1. Chance at a tennis ball, which nearly killed him, and cost more money than you want to know.
2. Both dogs got worms (TMI i know!)
3. I began having chronic wrist pain requiring the use of a splint all the time, (try changing a gross diaper in that!)
4. Roxy knocked the laptop on the floor nicking the finish.
5.I threw the laptop across the dining room making the top sit funny and it doesn't close quite right
6. My brand new expensive front loaders make my clothes stink, but i cant find mildew anywhere!
7. Blake busted red nailpolish all over my master bath, and bedroom carpet.
8. Roxy threw up and (....) all over the livingroom, staining the carpet.
9. Roxy chewed up the blinds. Three sets of expensive blinds.
10. Blake is cutting two teeth, and is very upset by it!
11. I got a flat tire that could not be repaired.
12. A dear friend from Whidbey passed away after a long and grueling battle with many health problems.
You know, now that I look at all that, it doesn't look as bad. Yes it is all bad, but through it all I am working on being faithful. I haven't even counted the times I have forced myself to sing "This is the day the Lord has made, I WILL rejoice and be glad in it", through my tears.
So in the spirit of faith and my journey, I will return to blogging. I have also started the study "Breaking Free" by Beth Moore. It is a study about release from bondage of any sort, whether you call it bondage, baggage, or crap.... we all have it, do you want to get rid of it?
I am very excited and have been diligently working on it.
"A Christian is held captive by anything that hinders the abundant and effective Spirit - filled life that God planned for her" - Beth Moore
Well let me tell you friends, I am sick of being afraid.
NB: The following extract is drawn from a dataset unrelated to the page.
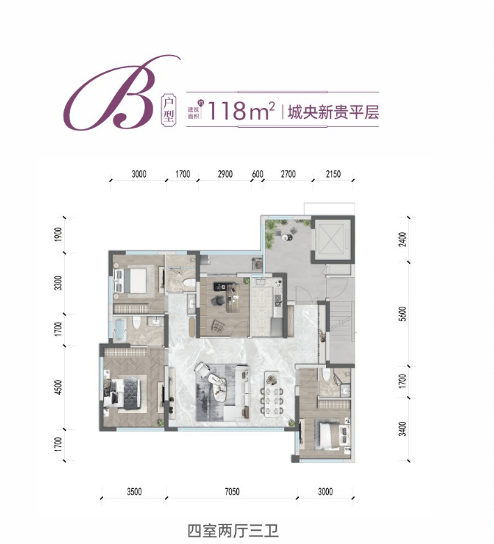 建面约118㎡城央新贵平层

Fear has always been my bondage. Not butterflies, but full on terror. No more, I am giving it to God. I AM DONE!
Getting out of the Navy is the scariest thing I have faced in awhile, because we are safe in our little bubble of paychecks and healthcare, a house, 2 cars, and an island full of wonderful friends. We are so blessed to go home to loving families, but the fear of employment, unemployment, and not being able to make ends meet would have been enough to throw me for a loop two years ago. Now, I know that the Lord will provide. As my very wise mother says "XYZ... is not my provider, God is my provider".
The United States Government is not my provider.
Navy Federal Bank is not my provider.
My debit card is not my provier...
God is. And he will.
i am so proud of you. i am just so, so proud of you.